→ Problem requirements: Below are entries with pictures among them; reproduce exactly, and only, the lines from the one containing "1月31日,錦江區(qū)委" down to the one containing "Dripex Corner TV", without the pictures.

→ Data extract:
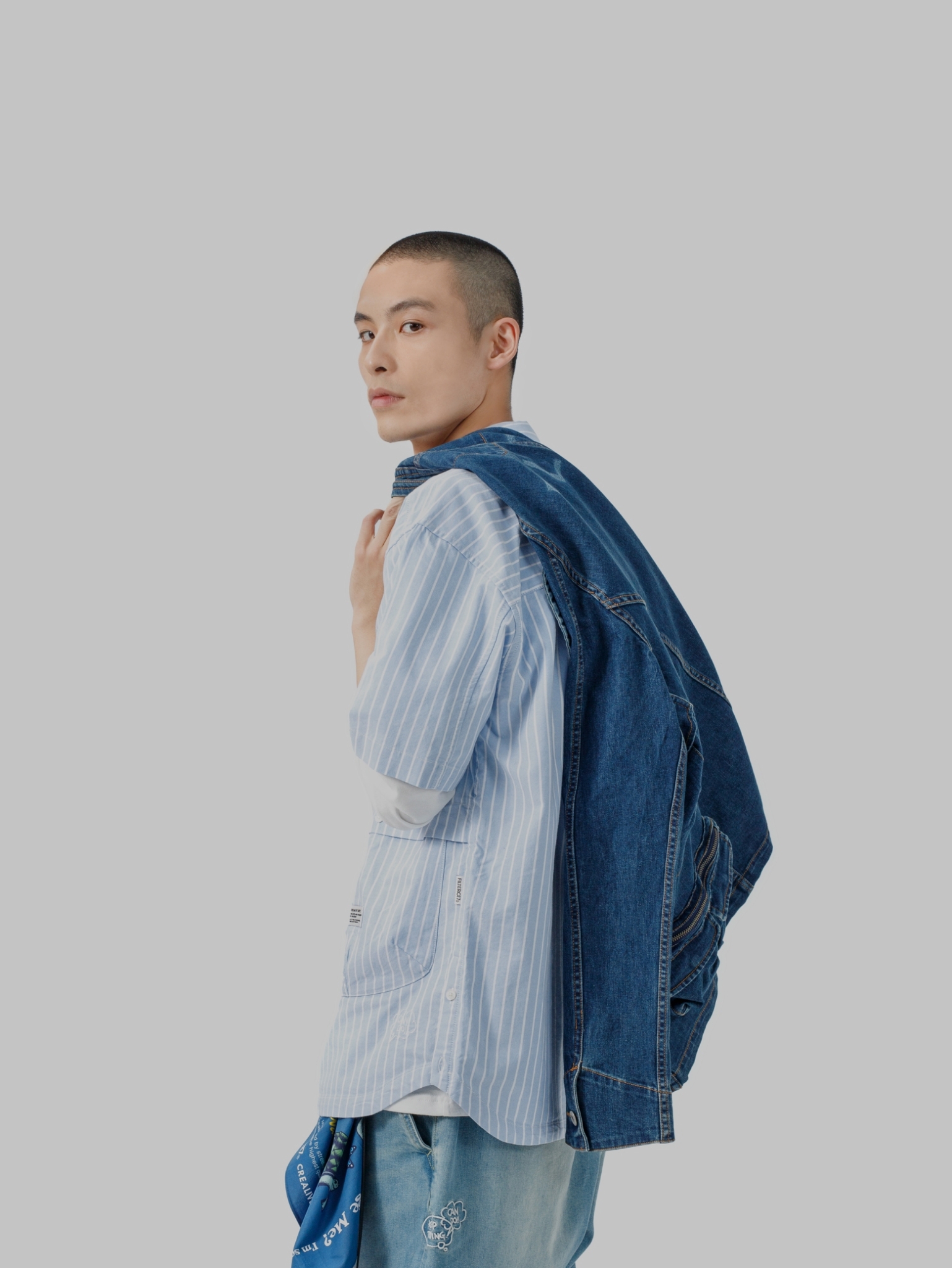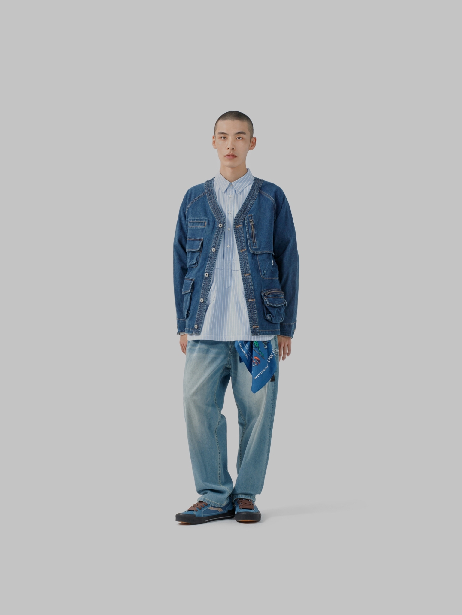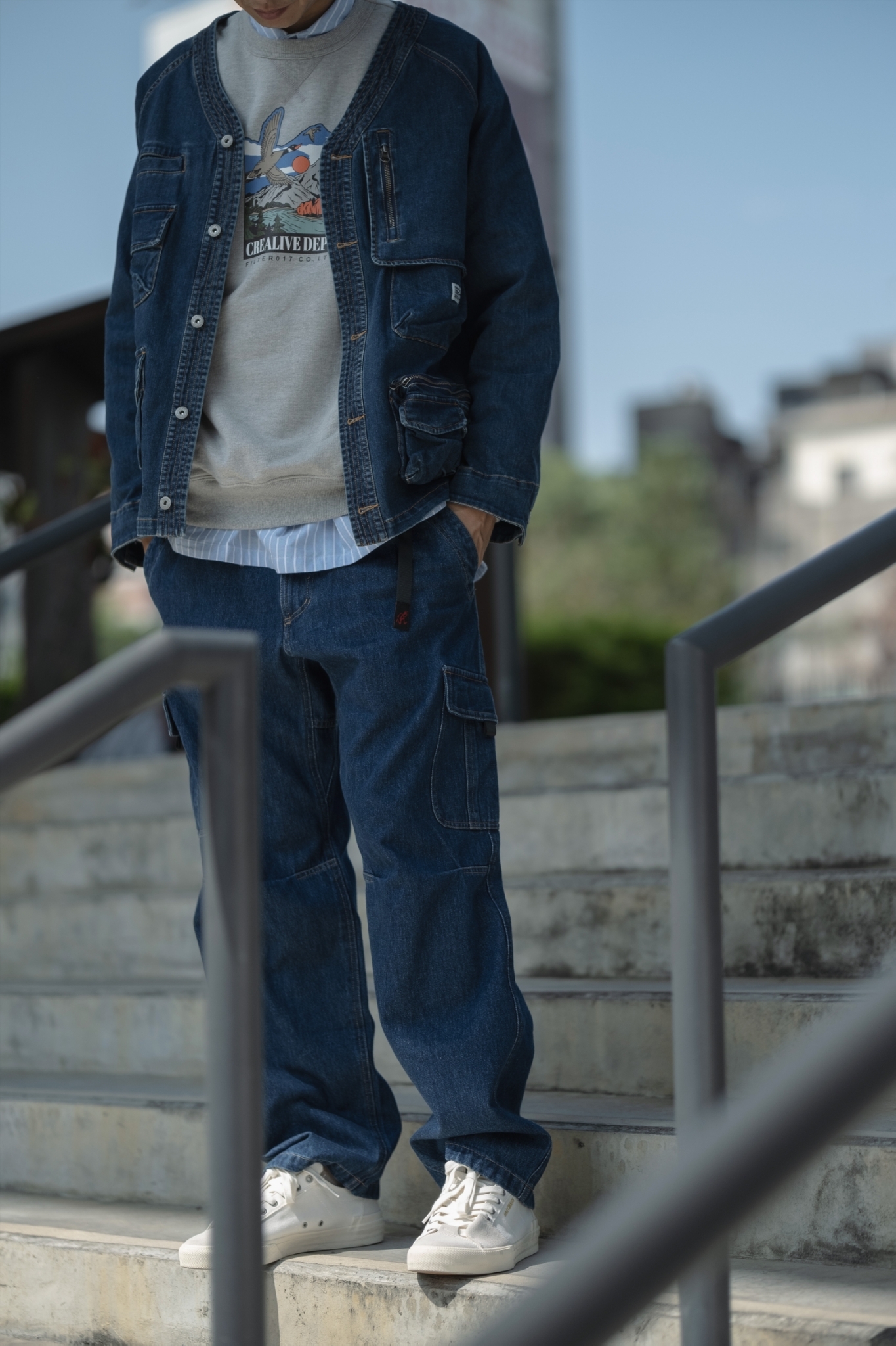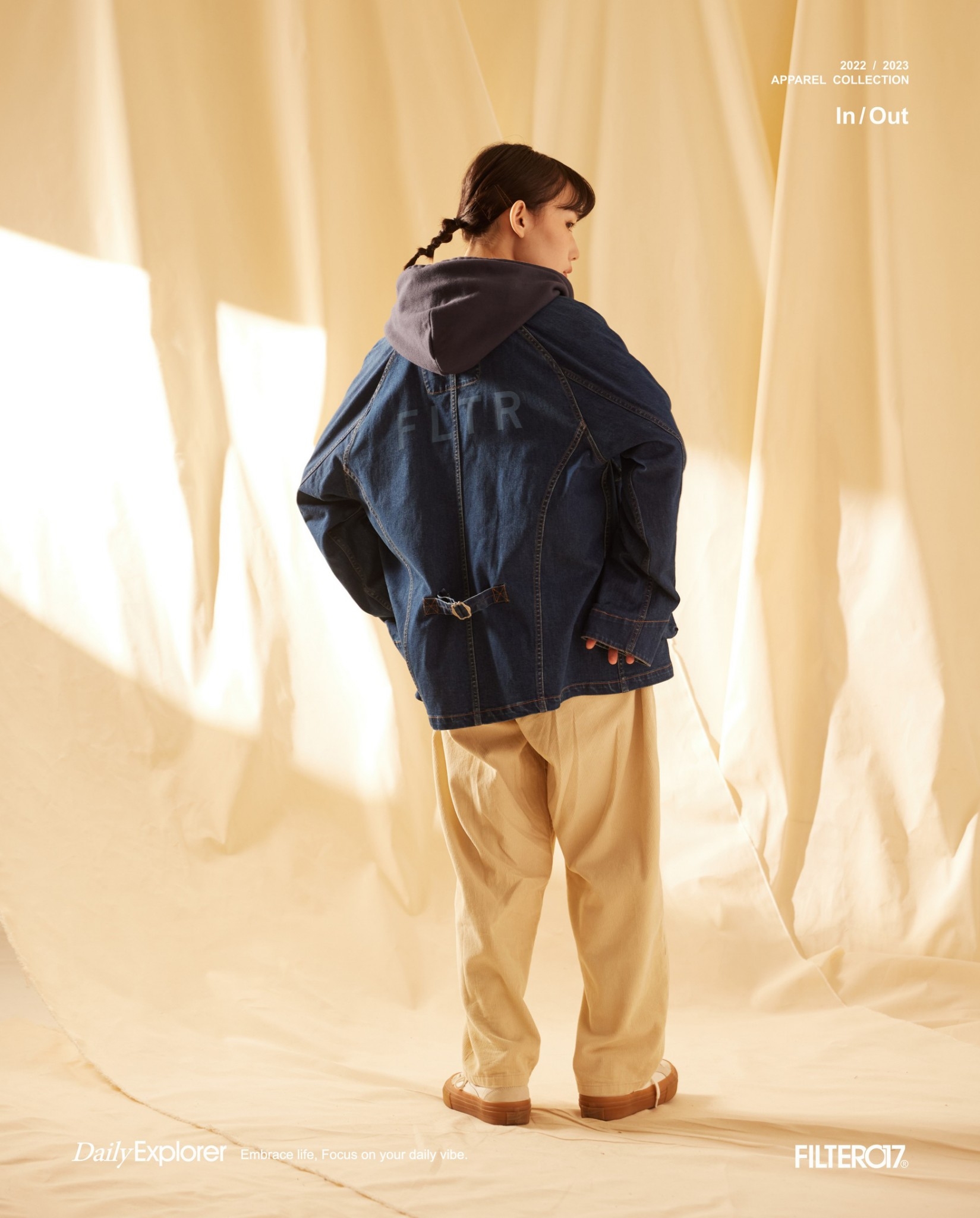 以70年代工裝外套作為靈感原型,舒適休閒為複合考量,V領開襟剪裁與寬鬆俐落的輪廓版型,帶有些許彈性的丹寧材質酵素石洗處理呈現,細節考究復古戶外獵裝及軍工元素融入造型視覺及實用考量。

---

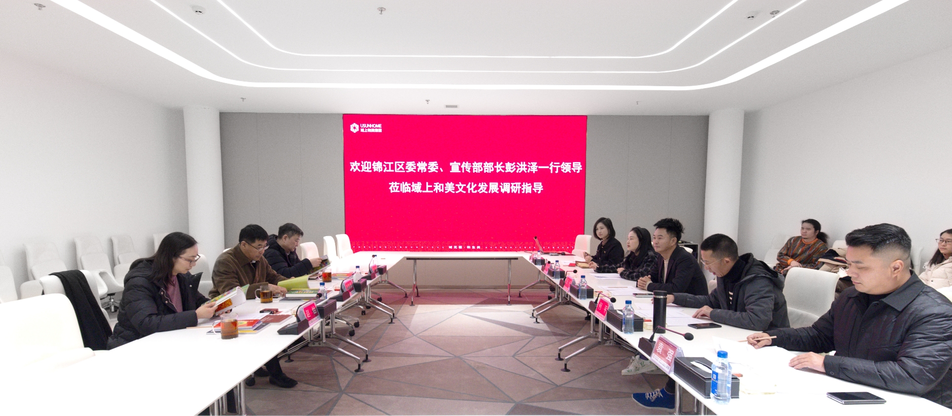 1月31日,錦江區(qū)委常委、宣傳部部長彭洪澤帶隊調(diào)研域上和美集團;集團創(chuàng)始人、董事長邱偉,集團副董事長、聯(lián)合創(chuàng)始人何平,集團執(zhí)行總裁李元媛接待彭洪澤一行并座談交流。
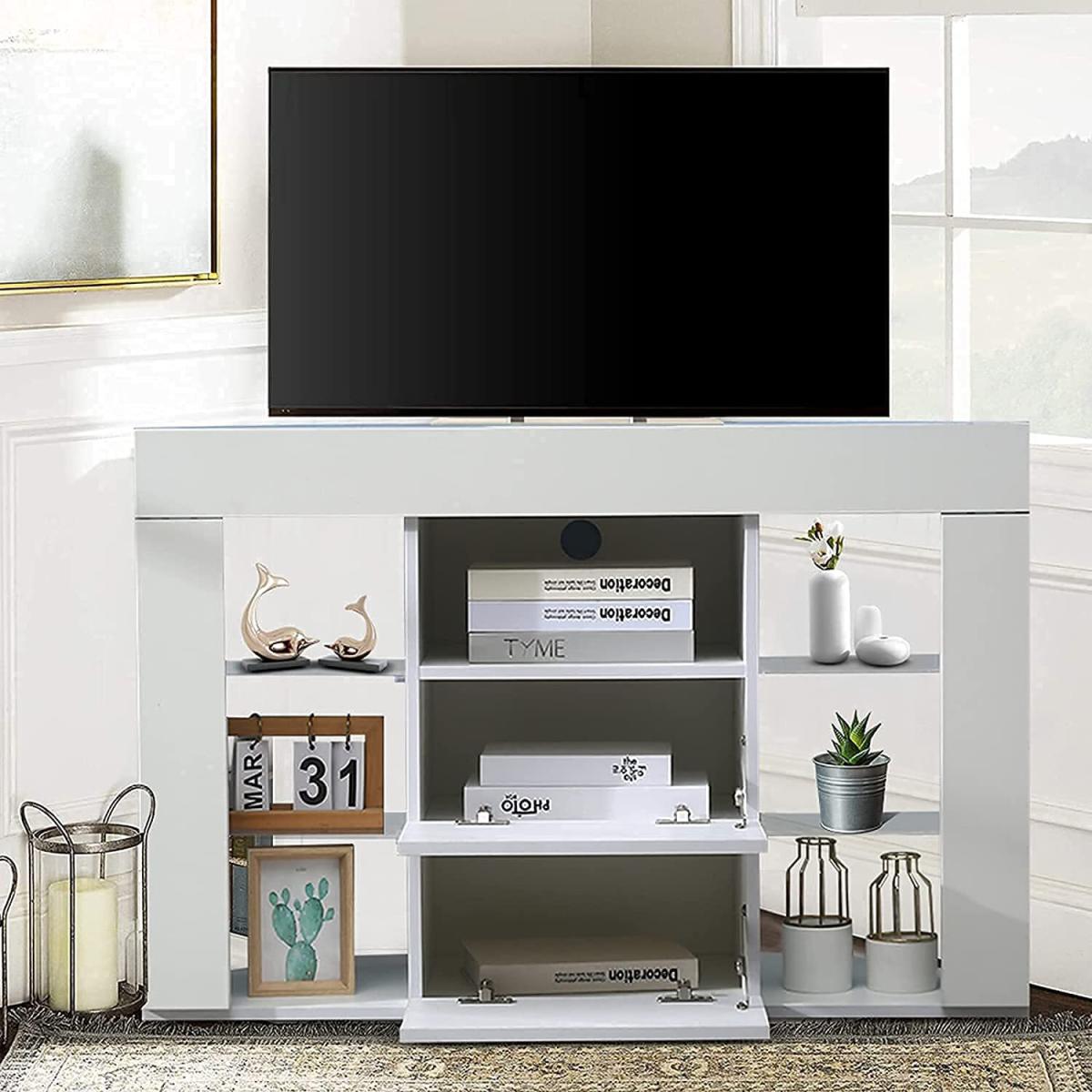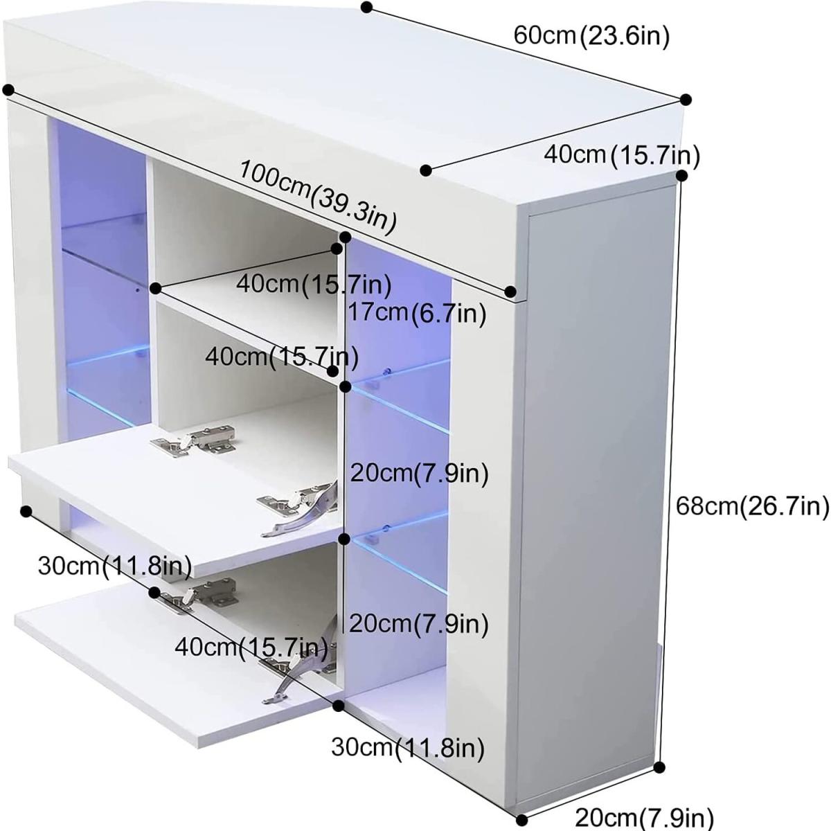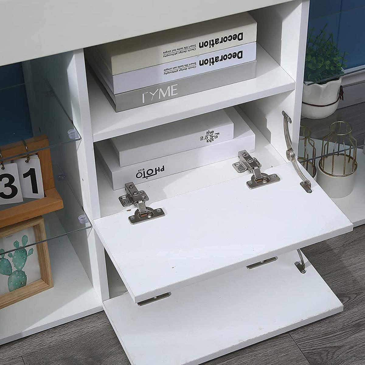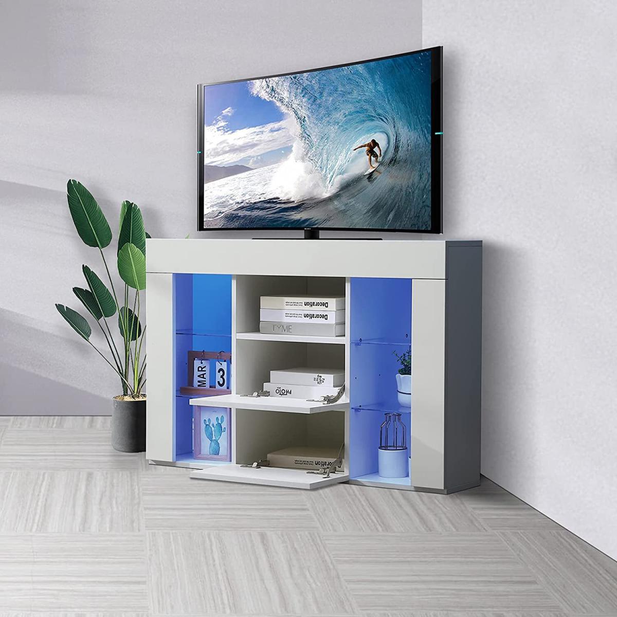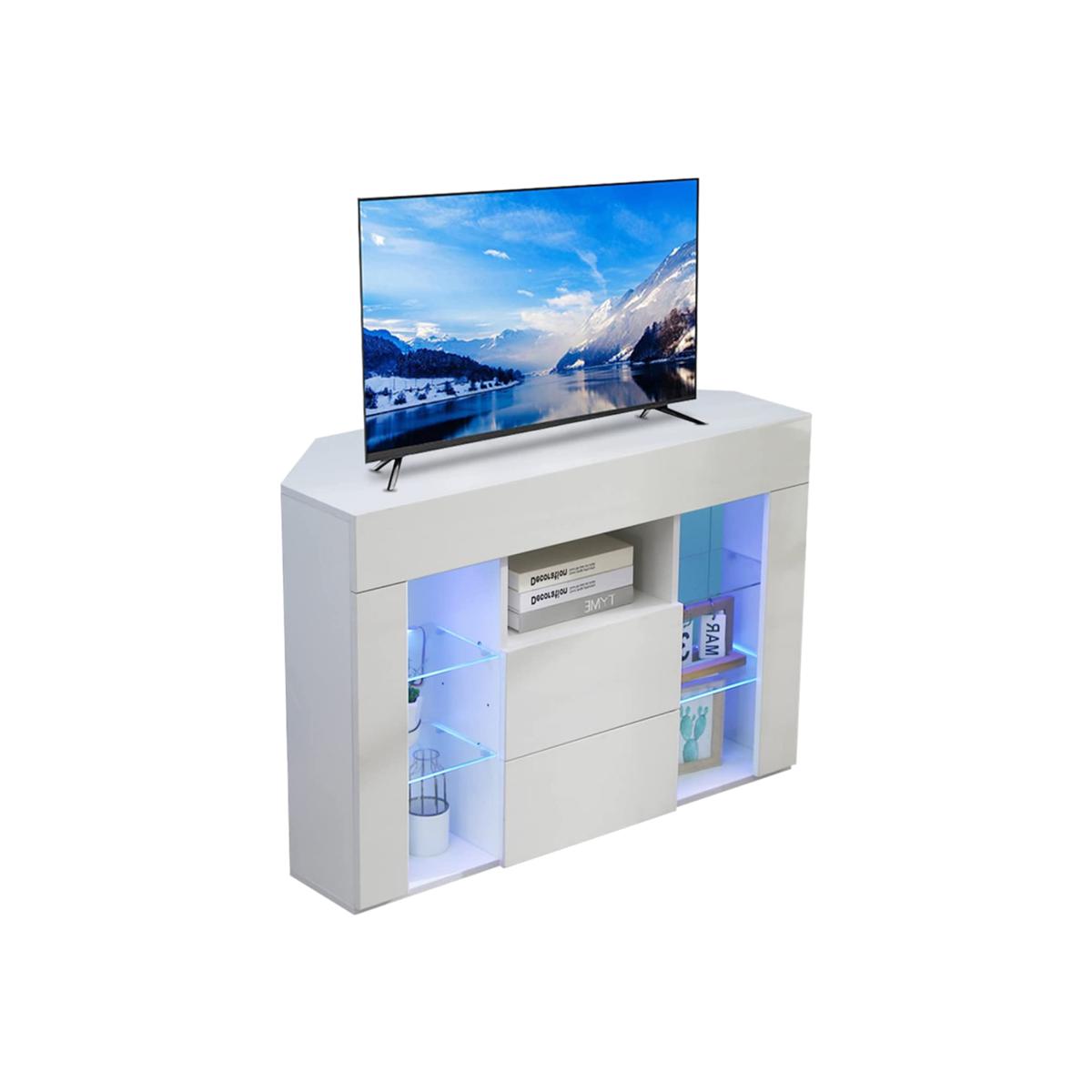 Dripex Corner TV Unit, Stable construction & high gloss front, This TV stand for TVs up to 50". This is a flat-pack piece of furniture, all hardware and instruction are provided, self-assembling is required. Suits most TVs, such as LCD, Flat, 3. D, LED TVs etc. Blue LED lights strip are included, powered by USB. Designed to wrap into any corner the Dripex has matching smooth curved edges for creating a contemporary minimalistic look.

→ Solution for this exercise:
 1月31日,錦江區(qū)委常委、宣傳部部長彭洪澤帶隊調(diào)研域上和美集團;集團創(chuàng)始人、董事長邱偉,集團副董事長、聯(lián)合創(chuàng)始人何平,集團執(zhí)行總裁李元媛接待彭洪澤一行并座談交流。
 Dripex Corner TV Unit, Stable construction & high gloss front, This TV stand for TVs up to 50". This is a flat-pack piece of furniture, all hardware and instruction are provided, self-assembling is required. Suits most TVs, such as LCD, Flat, 3. D, LED TVs etc. Blue LED lights strip are included, powered by USB. Designed to wrap into any corner the Dripex has matching smooth curved edges for creating a contemporary minimalistic look.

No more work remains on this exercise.